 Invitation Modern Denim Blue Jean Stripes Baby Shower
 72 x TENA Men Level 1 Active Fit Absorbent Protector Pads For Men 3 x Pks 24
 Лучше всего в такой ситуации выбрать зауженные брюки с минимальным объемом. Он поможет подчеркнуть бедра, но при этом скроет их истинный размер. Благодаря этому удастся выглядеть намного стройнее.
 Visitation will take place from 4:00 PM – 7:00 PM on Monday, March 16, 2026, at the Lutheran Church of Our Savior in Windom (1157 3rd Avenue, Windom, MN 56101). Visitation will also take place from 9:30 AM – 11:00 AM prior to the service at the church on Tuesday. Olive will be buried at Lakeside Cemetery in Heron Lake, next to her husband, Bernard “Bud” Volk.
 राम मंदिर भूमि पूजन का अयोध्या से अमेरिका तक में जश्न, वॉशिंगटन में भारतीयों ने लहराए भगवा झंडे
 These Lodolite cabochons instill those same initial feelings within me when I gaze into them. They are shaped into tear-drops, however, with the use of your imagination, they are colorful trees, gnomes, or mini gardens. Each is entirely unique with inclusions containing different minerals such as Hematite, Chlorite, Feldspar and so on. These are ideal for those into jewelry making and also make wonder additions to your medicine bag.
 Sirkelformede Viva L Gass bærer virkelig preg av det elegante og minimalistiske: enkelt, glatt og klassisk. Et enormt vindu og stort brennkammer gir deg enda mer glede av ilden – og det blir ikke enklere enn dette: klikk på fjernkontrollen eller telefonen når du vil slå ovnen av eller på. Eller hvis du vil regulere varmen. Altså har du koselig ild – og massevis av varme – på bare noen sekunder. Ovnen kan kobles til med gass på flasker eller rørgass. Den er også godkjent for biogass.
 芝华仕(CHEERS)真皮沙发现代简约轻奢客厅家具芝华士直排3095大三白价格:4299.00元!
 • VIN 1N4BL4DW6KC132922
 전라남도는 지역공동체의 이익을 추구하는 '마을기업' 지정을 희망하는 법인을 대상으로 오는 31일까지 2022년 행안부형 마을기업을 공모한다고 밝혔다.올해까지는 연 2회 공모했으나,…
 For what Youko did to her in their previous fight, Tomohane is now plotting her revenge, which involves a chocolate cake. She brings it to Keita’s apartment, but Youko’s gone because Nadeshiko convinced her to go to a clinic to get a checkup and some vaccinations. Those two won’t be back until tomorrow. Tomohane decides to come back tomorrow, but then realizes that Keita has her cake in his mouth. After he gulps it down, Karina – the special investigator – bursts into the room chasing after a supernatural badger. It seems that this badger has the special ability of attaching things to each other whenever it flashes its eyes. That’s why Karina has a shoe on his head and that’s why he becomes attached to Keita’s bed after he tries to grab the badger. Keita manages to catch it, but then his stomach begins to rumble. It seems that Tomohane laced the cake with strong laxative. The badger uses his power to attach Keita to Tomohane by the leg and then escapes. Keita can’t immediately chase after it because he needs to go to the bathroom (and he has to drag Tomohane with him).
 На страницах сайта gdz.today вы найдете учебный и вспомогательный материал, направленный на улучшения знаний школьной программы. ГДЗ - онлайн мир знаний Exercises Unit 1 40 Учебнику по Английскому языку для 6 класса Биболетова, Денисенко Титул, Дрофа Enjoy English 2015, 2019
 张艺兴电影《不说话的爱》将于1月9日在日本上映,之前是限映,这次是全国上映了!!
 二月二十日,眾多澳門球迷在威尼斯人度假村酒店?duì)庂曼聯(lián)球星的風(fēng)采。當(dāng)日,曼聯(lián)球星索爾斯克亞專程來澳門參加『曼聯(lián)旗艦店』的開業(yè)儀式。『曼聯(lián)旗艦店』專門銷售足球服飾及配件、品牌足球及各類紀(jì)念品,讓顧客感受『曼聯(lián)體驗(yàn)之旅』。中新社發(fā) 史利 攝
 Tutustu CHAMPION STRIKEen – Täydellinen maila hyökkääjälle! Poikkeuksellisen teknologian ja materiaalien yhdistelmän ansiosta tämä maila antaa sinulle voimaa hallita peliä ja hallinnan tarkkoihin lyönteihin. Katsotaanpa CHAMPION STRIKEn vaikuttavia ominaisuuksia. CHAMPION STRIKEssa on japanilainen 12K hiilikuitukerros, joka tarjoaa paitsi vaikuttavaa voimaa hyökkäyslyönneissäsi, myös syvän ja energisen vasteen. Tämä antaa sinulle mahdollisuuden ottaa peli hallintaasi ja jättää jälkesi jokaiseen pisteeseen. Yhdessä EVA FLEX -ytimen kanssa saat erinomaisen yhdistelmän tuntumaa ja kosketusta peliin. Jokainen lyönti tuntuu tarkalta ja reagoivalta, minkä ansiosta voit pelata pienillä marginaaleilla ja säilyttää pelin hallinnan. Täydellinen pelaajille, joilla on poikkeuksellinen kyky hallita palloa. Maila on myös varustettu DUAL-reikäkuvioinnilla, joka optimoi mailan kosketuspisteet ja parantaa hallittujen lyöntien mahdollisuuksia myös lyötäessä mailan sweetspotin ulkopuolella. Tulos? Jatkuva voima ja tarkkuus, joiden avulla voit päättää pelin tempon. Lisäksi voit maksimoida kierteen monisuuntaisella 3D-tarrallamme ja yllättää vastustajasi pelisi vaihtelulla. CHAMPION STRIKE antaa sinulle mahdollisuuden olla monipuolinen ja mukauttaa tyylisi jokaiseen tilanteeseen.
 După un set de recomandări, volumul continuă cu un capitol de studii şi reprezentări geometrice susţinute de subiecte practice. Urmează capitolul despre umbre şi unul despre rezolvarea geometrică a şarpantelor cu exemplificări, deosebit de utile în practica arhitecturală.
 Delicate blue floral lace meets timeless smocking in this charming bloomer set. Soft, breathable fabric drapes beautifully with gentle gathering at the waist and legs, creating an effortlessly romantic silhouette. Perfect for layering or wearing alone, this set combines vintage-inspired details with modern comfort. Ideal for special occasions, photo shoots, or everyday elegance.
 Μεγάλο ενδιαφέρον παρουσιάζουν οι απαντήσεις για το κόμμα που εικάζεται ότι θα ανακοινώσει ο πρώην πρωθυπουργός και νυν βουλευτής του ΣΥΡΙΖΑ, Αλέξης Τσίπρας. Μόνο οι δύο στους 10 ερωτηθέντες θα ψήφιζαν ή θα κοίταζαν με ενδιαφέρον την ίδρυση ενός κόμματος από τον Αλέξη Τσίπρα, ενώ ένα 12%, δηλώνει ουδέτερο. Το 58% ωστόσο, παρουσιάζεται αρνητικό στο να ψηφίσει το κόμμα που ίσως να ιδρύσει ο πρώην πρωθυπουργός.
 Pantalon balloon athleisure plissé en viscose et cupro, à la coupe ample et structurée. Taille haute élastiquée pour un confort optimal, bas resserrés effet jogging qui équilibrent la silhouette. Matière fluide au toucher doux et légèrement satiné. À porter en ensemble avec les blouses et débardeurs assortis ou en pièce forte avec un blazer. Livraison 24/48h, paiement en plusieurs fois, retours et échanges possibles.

════════════════════

Exercise prompt –
Line by line, the listing above is to be transcribed exactly.

Exercise result –
 Invitation Modern Denim Blue Jean Stripes Baby Shower
 72 x TENA Men Level 1 Active Fit Absorbent Protector Pads For Men 3 x Pks 24
 Лучше всего в такой ситуации выбрать зауженные брюки с минимальным объемом. Он поможет подчеркнуть бедра, но при этом скроет их истинный размер. Благодаря этому удастся выглядеть намного стройнее.
 Visitation will take place from 4:00 PM – 7:00 PM on Monday, March 16, 2026, at the Lutheran Church of Our Savior in Windom (1157 3rd Avenue, Windom, MN 56101). Visitation will also take place from 9:30 AM – 11:00 AM prior to the service at the church on Tuesday. Olive will be buried at Lakeside Cemetery in Heron Lake, next to her husband, Bernard “Bud” Volk.
 राम मंदिर भूमि पूजन का अयोध्या से अमेरिका तक में जश्न, वॉशिंगटन में भारतीयों ने लहराए भगवा झंडे
 These Lodolite cabochons instill those same initial feelings within me when I gaze into them. They are shaped into tear-drops, however, with the use of your imagination, they are colorful trees, gnomes, or mini gardens. Each is entirely unique with inclusions containing different minerals such as Hematite, Chlorite, Feldspar and so on. These are ideal for those into jewelry making and also make wonder additions to your medicine bag.
 Sirkelformede Viva L Gass bærer virkelig preg av det elegante og minimalistiske: enkelt, glatt og klassisk. Et enormt vindu og stort brennkammer gir deg enda mer glede av ilden – og det blir ikke enklere enn dette: klikk på fjernkontrollen eller telefonen når du vil slå ovnen av eller på. Eller hvis du vil regulere varmen. Altså har du koselig ild – og massevis av varme – på bare noen sekunder. Ovnen kan kobles til med gass på flasker eller rørgass. Den er også godkjent for biogass.
 芝华仕(CHEERS)真皮沙发现代简约轻奢客厅家具芝华士直排3095大三白价格:4299.00元!
 • VIN 1N4BL4DW6KC132922
 전라남도는 지역공동체의 이익을 추구하는 '마을기업' 지정을 희망하는 법인을 대상으로 오는 31일까지 2022년 행안부형 마을기업을 공모한다고 밝혔다.올해까지는 연 2회 공모했으나,…
 For what Youko did to her in their previous fight, Tomohane is now plotting her revenge, which involves a chocolate cake. She brings it to Keita’s apartment, but Youko’s gone because Nadeshiko convinced her to go to a clinic to get a checkup and some vaccinations. Those two won’t be back until tomorrow. Tomohane decides to come back tomorrow, but then realizes that Keita has her cake in his mouth. After he gulps it down, Karina – the special investigator – bursts into the room chasing after a supernatural badger. It seems that this badger has the special ability of attaching things to each other whenever it flashes its eyes. That’s why Karina has a shoe on his head and that’s why he becomes attached to Keita’s bed after he tries to grab the badger. Keita manages to catch it, but then his stomach begins to rumble. It seems that Tomohane laced the cake with strong laxative. The badger uses his power to attach Keita to Tomohane by the leg and then escapes. Keita can’t immediately chase after it because he needs to go to the bathroom (and he has to drag Tomohane with him).
 На страницах сайта gdz.today вы найдете учебный и вспомогательный материал, направленный на улучшения знаний школьной программы. ГДЗ - онлайн мир знаний Exercises Unit 1 40 Учебнику по Английскому языку для 6 класса Биболетова, Денисенко Титул, Дрофа Enjoy English 2015, 2019
 张艺兴电影《不说话的爱》将于1月9日在日本上映,之前是限映,这次是全国上映了!!
 二月二十日,眾多澳門球迷在威尼斯人度假村酒店?duì)庂曼聯(lián)球星的風(fēng)采。當(dāng)日,曼聯(lián)球星索爾斯克亞專程來澳門參加『曼聯(lián)旗艦店』的開業(yè)儀式。『曼聯(lián)旗艦店』專門銷售足球服飾及配件、品牌足球及各類紀(jì)念品,讓顧客感受『曼聯(lián)體驗(yàn)之旅』。中新社發(fā) 史利 攝
 Tutustu CHAMPION STRIKEen – Täydellinen maila hyökkääjälle! Poikkeuksellisen teknologian ja materiaalien yhdistelmän ansiosta tämä maila antaa sinulle voimaa hallita peliä ja hallinnan tarkkoihin lyönteihin. Katsotaanpa CHAMPION STRIKEn vaikuttavia ominaisuuksia. CHAMPION STRIKEssa on japanilainen 12K hiilikuitukerros, joka tarjoaa paitsi vaikuttavaa voimaa hyökkäyslyönneissäsi, myös syvän ja energisen vasteen. Tämä antaa sinulle mahdollisuuden ottaa peli hallintaasi ja jättää jälkesi jokaiseen pisteeseen. Yhdessä EVA FLEX -ytimen kanssa saat erinomaisen yhdistelmän tuntumaa ja kosketusta peliin. Jokainen lyönti tuntuu tarkalta ja reagoivalta, minkä ansiosta voit pelata pienillä marginaaleilla ja säilyttää pelin hallinnan. Täydellinen pelaajille, joilla on poikkeuksellinen kyky hallita palloa. Maila on myös varustettu DUAL-reikäkuvioinnilla, joka optimoi mailan kosketuspisteet ja parantaa hallittujen lyöntien mahdollisuuksia myös lyötäessä mailan sweetspotin ulkopuolella. Tulos? Jatkuva voima ja tarkkuus, joiden avulla voit päättää pelin tempon. Lisäksi voit maksimoida kierteen monisuuntaisella 3D-tarrallamme ja yllättää vastustajasi pelisi vaihtelulla. CHAMPION STRIKE antaa sinulle mahdollisuuden olla monipuolinen ja mukauttaa tyylisi jokaiseen tilanteeseen.
 După un set de recomandări, volumul continuă cu un capitol de studii şi reprezentări geometrice susţinute de subiecte practice. Urmează capitolul despre umbre şi unul despre rezolvarea geometrică a şarpantelor cu exemplificări, deosebit de utile în practica arhitecturală.
 Delicate blue floral lace meets timeless smocking in this charming bloomer set. Soft, breathable fabric drapes beautifully with gentle gathering at the waist and legs, creating an effortlessly romantic silhouette. Perfect for layering or wearing alone, this set combines vintage-inspired details with modern comfort. Ideal for special occasions, photo shoots, or everyday elegance.
 Μεγάλο ενδιαφέρον παρουσιάζουν οι απαντήσεις για το κόμμα που εικάζεται ότι θα ανακοινώσει ο πρώην πρωθυπουργός και νυν βουλευτής του ΣΥΡΙΖΑ, Αλέξης Τσίπρας. Μόνο οι δύο στους 10 ερωτηθέντες θα ψήφιζαν ή θα κοίταζαν με ενδιαφέρον την ίδρυση ενός κόμματος από τον Αλέξη Τσίπρα, ενώ ένα 12%, δηλώνει ουδέτερο. Το 58% ωστόσο, παρουσιάζεται αρνητικό στο να ψηφίσει το κόμμα που ίσως να ιδρύσει ο πρώην πρωθυπουργός.
 Pantalon balloon athleisure plissé en viscose et cupro, à la coupe ample et structurée. Taille haute élastiquée pour un confort optimal, bas resserrés effet jogging qui équilibrent la silhouette. Matière fluide au toucher doux et légèrement satiné. À porter en ensemble avec les blouses et débardeurs assortis ou en pièce forte avec un blazer. Livraison 24/48h, paiement en plusieurs fois, retours et échanges possibles.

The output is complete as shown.